He also had significant levels of self-neglect. A person’s appearance and hygiene is a strong indicator of their internal mental state. If somebody is looking after themselves, are well dressed with styled appearances and are clean, you can assume that they are in an okay place. By this scale, my dad was rarely in an okay state of mind.
He would seldom be clean shaven or have his hair done. Often he would wear the same clothes for days on end and fail to wash them or himself for weeks. One time when I was driving him to a family gathering, he smelt so bad that I literally had to drive with the windows down just to escape the repugnant odour emanating from beside me.
Schizophrenia is often co-morbidly diagnosed with a variety of other mental health conditions of which Dad fit many. It seems likely that he would have, at a minimum, qualified for a diagnosis of depression, anxiety and substance abuse. At one stage, he was even diagnosed as having borderline personality disorder, however, I am not convinced that his personality fitted the traits required for that diagnosis.
Towards the end of his life, Dad did not go out much and there was little variation between his days. Most of the time he would wake when his body wanted him to wake, then he would immediately go to his bong to inebriate himself. Not to a level that he couldn’t function, rather to a level that allowed him to function. Consuming just enough to take the edge off the anxiety that was creeping into his mind and to silence the voices that would start talking incessantly.

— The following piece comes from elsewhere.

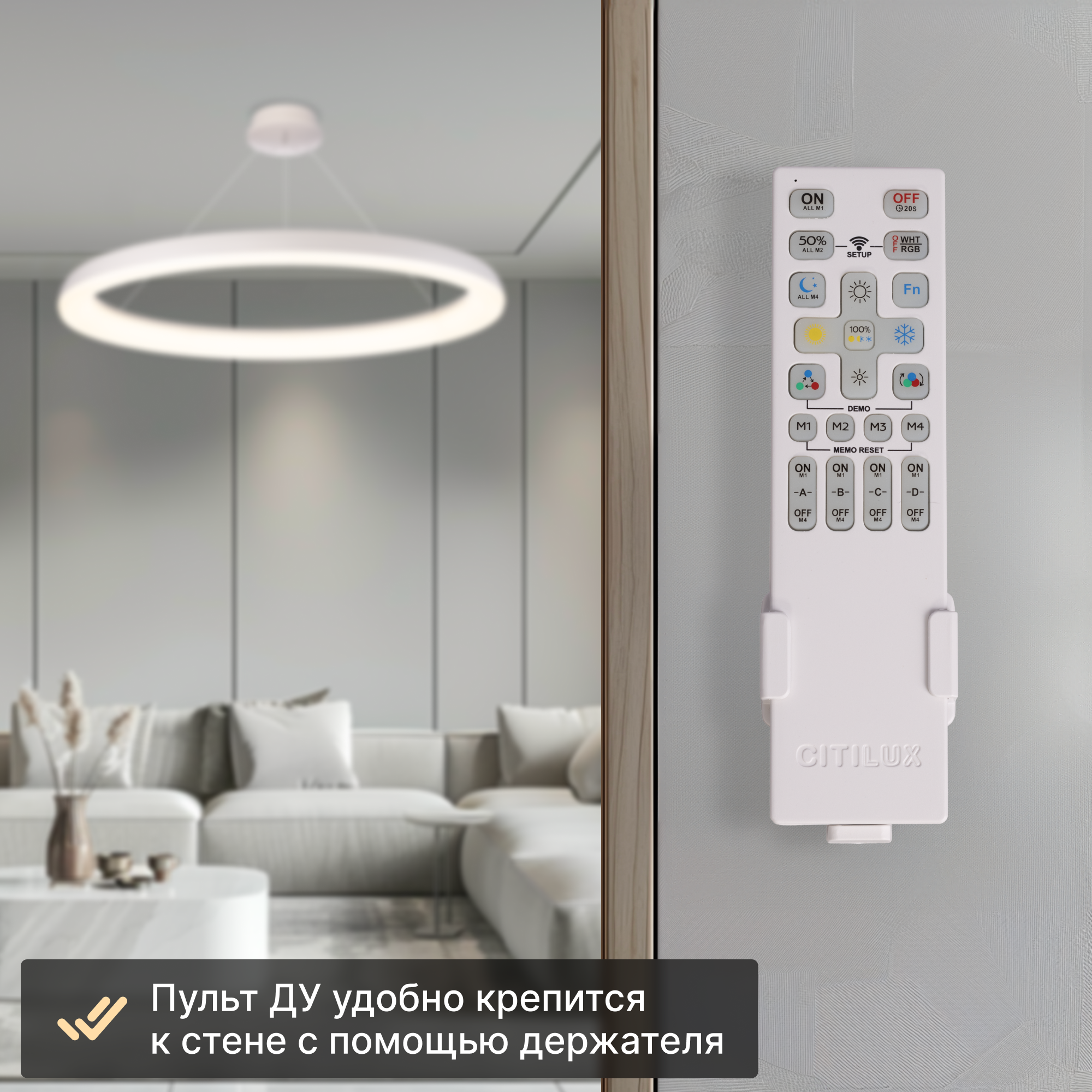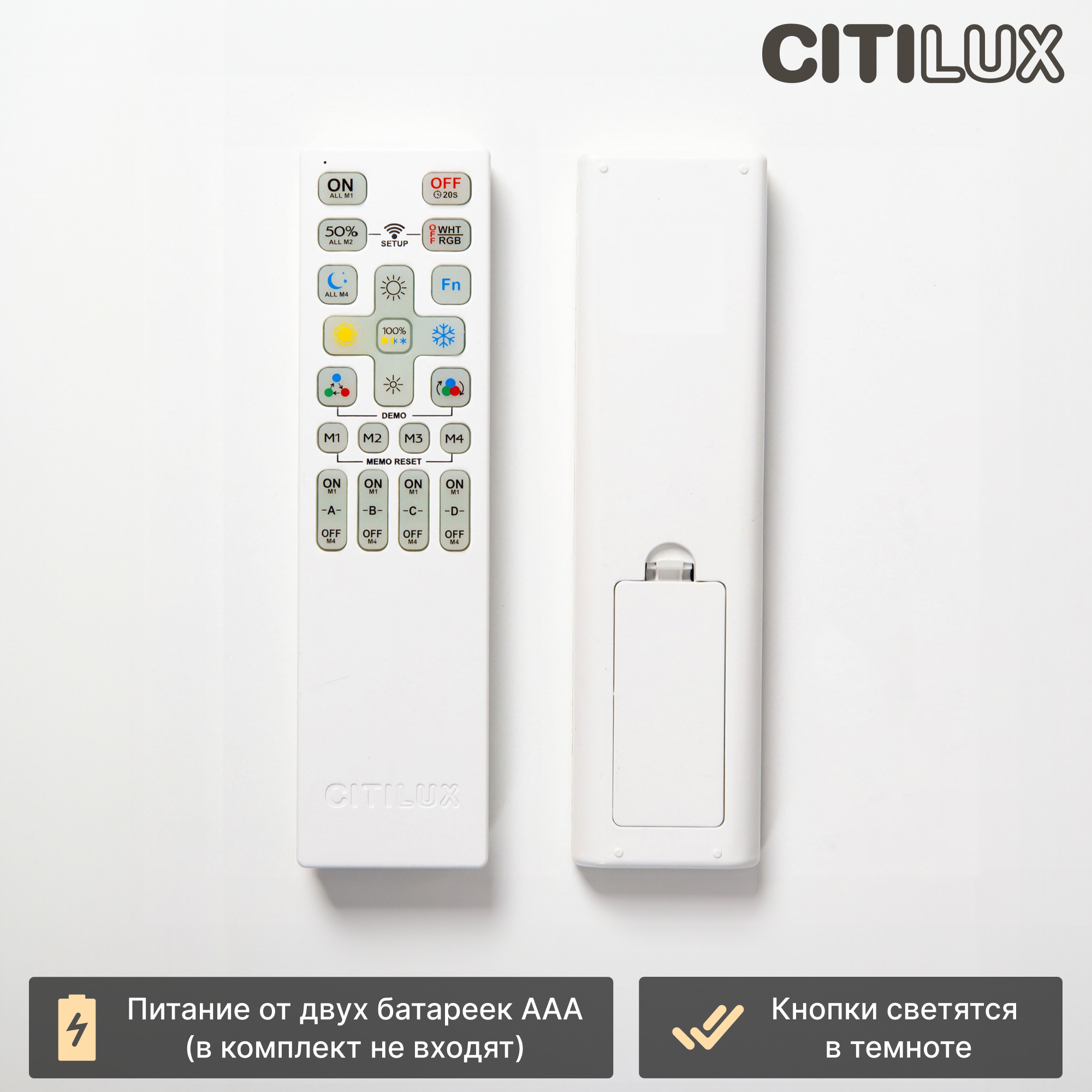 С помощью пульта доступно: плавная регулировка яркости 10 - 100%; управление цветовой температурой 3000К - 5500К, позволяет настроить любые оттенки теплого, нейтрального и холодного света. Есть функция отсроченного выключения и ночника; 4 настраиваемых режима памяти, которыми также можно управлять настенным выключателем. Радиопульт ДУ в комплекте. Питание пульта - 2 батарейки формата ААА, напряжением 1,5V (не входят в комплект).

Typically, an instant coffee with three sugars would serve as a suitable accompaniment to keep him awake. He would repeat this ritual of inebriation and caffeination every two hours for the rest of the day. Averaging seven to eight cups of coffee and quite a substantial amount of weed, it wasn’t the healthiest lifestyle to say the least.
He wouldn’t eat much, but what little he did was often given to him by his family in the form of donations or left overs. Besides, he always had quite a small appetite. Favouring a more piecemeal approach to food consumption: an apple here, piece of toast there, some cucumber and tomato later and then perhaps some of last night’s leftovers.
Most days he would spend with his neighbour Jackie, often just sitting on the couch talking, getting high and doing art together. He would always have his little dog curled up on his lap waiting for pats and love.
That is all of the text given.